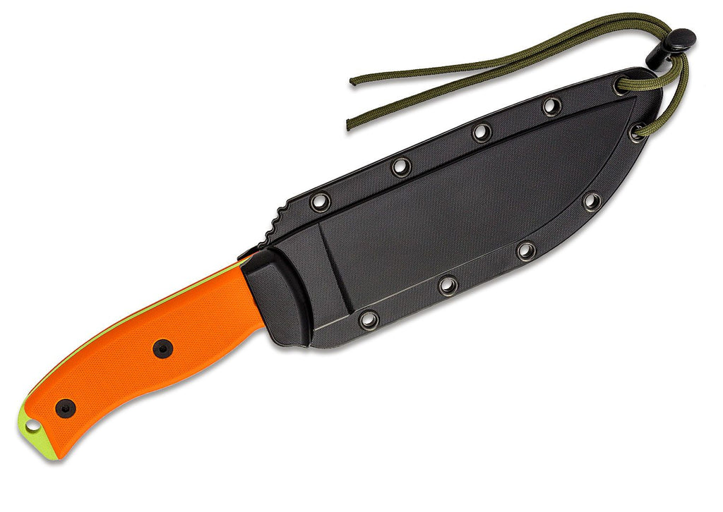 The ESEE-6 is a wilderness survival and tactical knife that might just be the best all-around fixed blade on the market. With its 0.1875" blade thickness, it's the perfect blend between toughness and cutting efficiency all in a very svelte package. If you can only choose one fixed blade, then the ESEE-6 is the one for us! These knives are made from high carbon 1095 steel. And while 1095 is a top choice for professional cutlery designed for hard use, it will rust and stain if not properly cared for - especially on the cutting edge and around the laser engraving. It is the user's responsibility to keep the blades properly lubricated and cleaned. We suggest using a dry film rust inhibitor such as TUF-GLIDE or TUF-CLOTH. The handles have orange G10 scales that are durable and water resistant. The knife also features spine jimping, full tang construction, lanyard hole, and finger choil. The knife comes with a molded plastic sheath, clip plate, paracord lanyard, and cord lock.
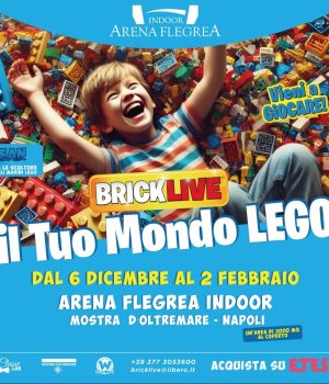 Prodotta da Arena Flegrea e Alta Classe Lab, Brick Live offre la possibilità di trascorrere liberamente momenti di straordinario divertimento, in un ambiente stimolante ed educativo, dove ogni visitatore potrà diventare un provetto artista. Impara, costruisci e gioca, questo il motto di Brick Live che propone un’esperienza unica con tanti milioni di mattoncini LEGO® e la possibilità di giocare insieme in uno spazio ricco di colori ed emozioni senza età.
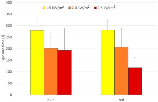 There were no observations of any significant differences caused by color at 1.5 and 2.0 kW/m2, while at 2.5 kW/m2, the exposure time in blue protective gear was significantly longer than in the red one (Figure 10). The ∆Tskin/t pattern confirmed this result.
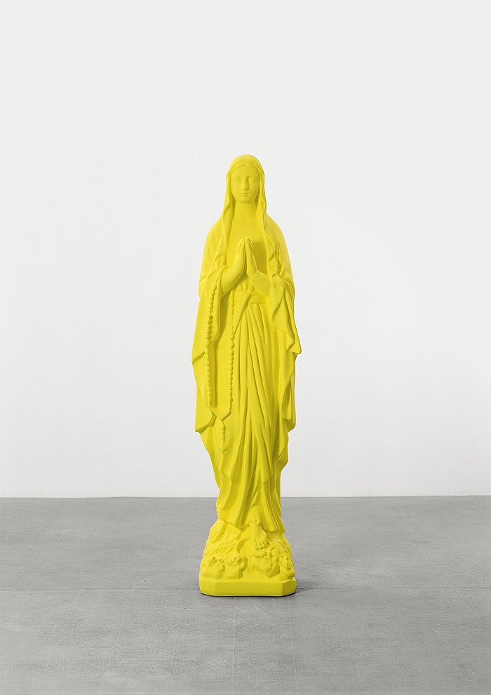 A focused examination of thirteen large-scale masterworks presented in a series of telling juxtapositions, Sculpture After Sculpture traces the parallel developments of Katharina Fritsch (b. 1956), Jeff Koons (b. 1955), and Charles Ray (b. 1953). Beginning with iconic works from the late ’80s and early ’90s, which highlight the artists’ shared relationship to the commodity and the readymade, the exhibition follows the development of their practices up to the present. Highlights of the exhibition include Jeff Koons’s celebrated Michael Jackson and Bubbles, 1988, a porcelain and gilt confection depicting the late Pop legend Michael Jackson with his pet chimpanzee for which the sculpture is named; Charles Ray’s two-ton aluminium Tractor, 2005; and Katharina Fritsch’s acid yellow apparition Madonnenfigur / Madonna, 1987
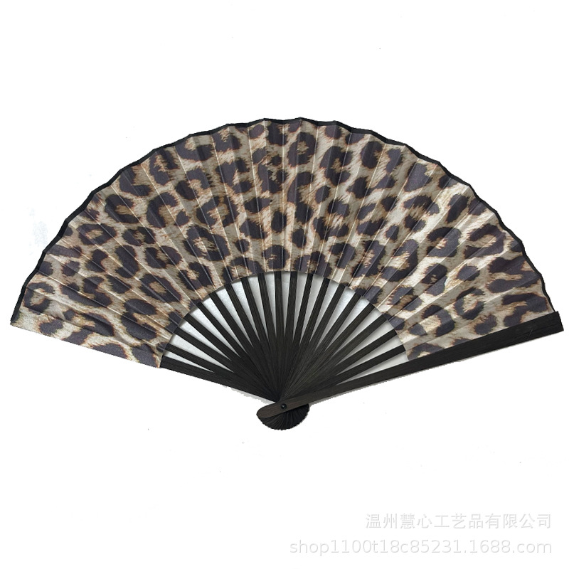 国境を越えた既製ヨーロッパとアメリカのスタイルのヒョウ柄スカルプリント竹扇子ストレートボーン扇子黒骨小型扇子
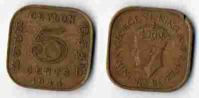 CEJLON BRYTYJSKI 1944 5 CENTS
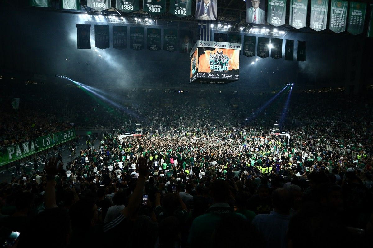 Οπαδοί του Παναθηναϊκού στο παρκέ του ΟΑΚΑ
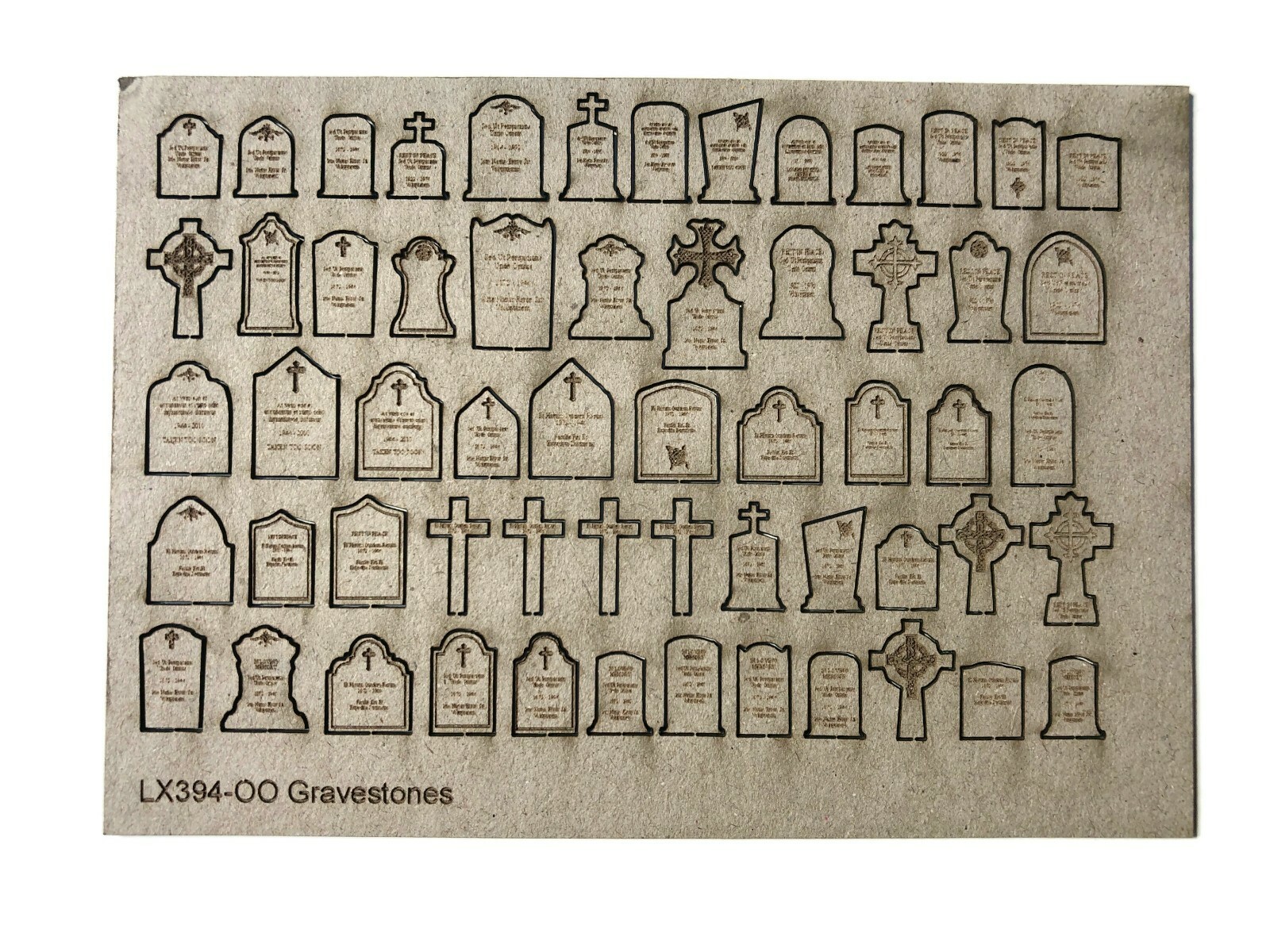 A pack of 58 laser cut & engraved OO gauge / 1:76 scale gravestones for detailing model graveyards & churchyards.
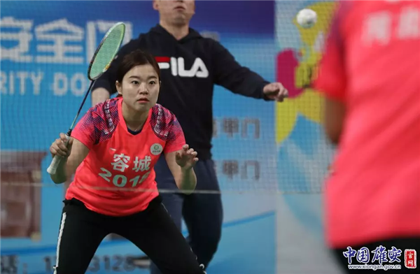 2018年容城縣迎新春羽毛球賽上,選手專注于比賽。中國雄安官網(wǎng)毛鶴然 攝
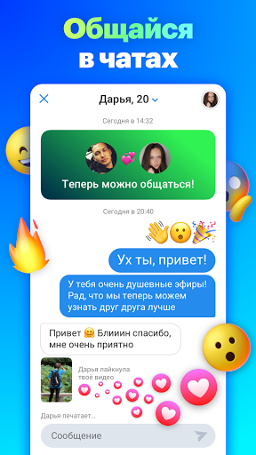 После взаимной подписки можно общаться в чате и узнать друг друга поближе.
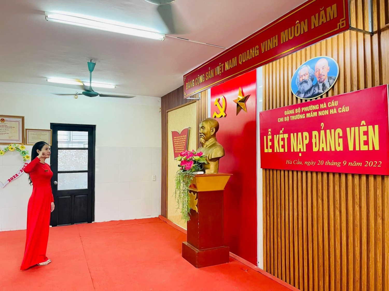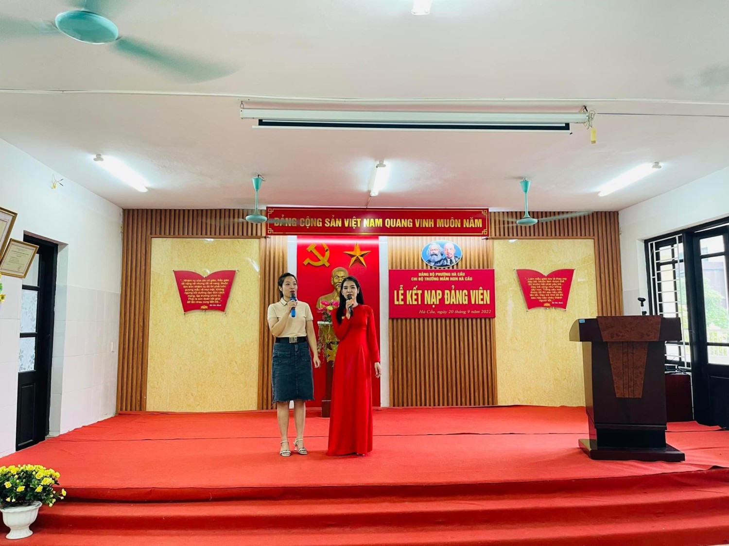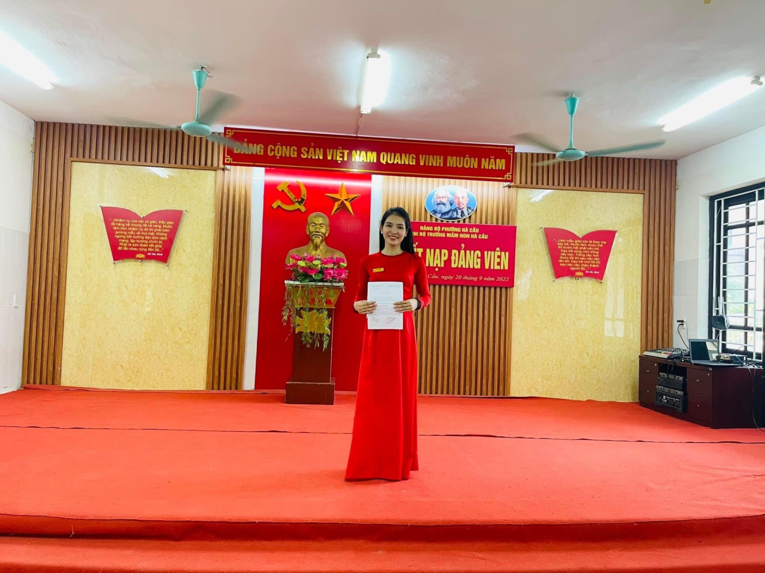 Bồi dưỡng, kết nạp đảng viên mới là nhiệm vụ thường xuyên, có ý nghĩa quan trọng trong công tác xây dựng Đảng, góp phần phát triển, nâng cao chất lượng và sức chiến đấu của tổ chức Đảng và đảng viên. Với ý nghĩa đó, hôm nay ngày 20/9/2022, Chi bộ trường mầm non Hà Cầu long trọng tổ chức Lễ kết nạp Đảng viên mới cho quần chúng ưu tú Nguyễn Thị Dinh.

▸ **EXERCISE BRIEF**: Restate the entries above word for word, minus the pictures.

▸ **TASK RESULT**:
 The ESEE-6 is a wilderness survival and tactical knife that might just be the best all-around fixed blade on the market. With its 0.1875" blade thickness, it's the perfect blend between toughness and cutting efficiency all in a very svelte package. If you can only choose one fixed blade, then the ESEE-6 is the one for us! These knives are made from high carbon 1095 steel. And while 1095 is a top choice for professional cutlery designed for hard use, it will rust and stain if not properly cared for - especially on the cutting edge and around the laser engraving. It is the user's responsibility to keep the blades properly lubricated and cleaned. We suggest using a dry film rust inhibitor such as TUF-GLIDE or TUF-CLOTH. The handles have orange G10 scales that are durable and water resistant. The knife also features spine jimping, full tang construction, lanyard hole, and finger choil. The knife comes with a molded plastic sheath, clip plate, paracord lanyard, and cord lock.
 Prodotta da Arena Flegrea e Alta Classe Lab, Brick Live offre la possibilità di trascorrere liberamente momenti di straordinario divertimento, in un ambiente stimolante ed educativo, dove ogni visitatore potrà diventare un provetto artista. Impara, costruisci e gioca, questo il motto di Brick Live che propone un’esperienza unica con tanti milioni di mattoncini LEGO® e la possibilità di giocare insieme in uno spazio ricco di colori ed emozioni senza età.
 There were no observations of any significant differences caused by color at 1.5 and 2.0 kW/m2, while at 2.5 kW/m2, the exposure time in blue protective gear was significantly longer than in the red one (Figure 10). The ∆Tskin/t pattern confirmed this result.
 A focused examination of thirteen large-scale masterworks presented in a series of telling juxtapositions, Sculpture After Sculpture traces the parallel developments of Katharina Fritsch (b. 1956), Jeff Koons (b. 1955), and Charles Ray (b. 1953). Beginning with iconic works from the late ’80s and early ’90s, which highlight the artists’ shared relationship to the commodity and the readymade, the exhibition follows the development of their practices up to the present. Highlights of the exhibition include Jeff Koons’s celebrated Michael Jackson and Bubbles, 1988, a porcelain and gilt confection depicting the late Pop legend Michael Jackson with his pet chimpanzee for which the sculpture is named; Charles Ray’s two-ton aluminium Tractor, 2005; and Katharina Fritsch’s acid yellow apparition Madonnenfigur / Madonna, 1987
 国境を越えた既製ヨーロッパとアメリカのスタイルのヒョウ柄スカルプリント竹扇子ストレートボーン扇子黒骨小型扇子
 CEJLON BRYTYJSKI 1944 5 CENTS
 Οπαδοί του Παναθηναϊκού στο παρκέ του ΟΑΚΑ
 A pack of 58 laser cut & engraved OO gauge / 1:76 scale gravestones for detailing model graveyards & churchyards.
 2018年容城縣迎新春羽毛球賽上,選手專注于比賽。中國雄安官網(wǎng)毛鶴然 攝
 После взаимной подписки можно общаться в чате и узнать друг друга поближе.
 Bồi dưỡng, kết nạp đảng viên mới là nhiệm vụ thường xuyên, có ý nghĩa quan trọng trong công tác xây dựng Đảng, góp phần phát triển, nâng cao chất lượng và sức chiến đấu của tổ chức Đảng và đảng viên. Với ý nghĩa đó, hôm nay ngày 20/9/2022, Chi bộ trường mầm non Hà Cầu long trọng tổ chức Lễ kết nạp Đảng viên mới cho quần chúng ưu tú Nguyễn Thị Dinh.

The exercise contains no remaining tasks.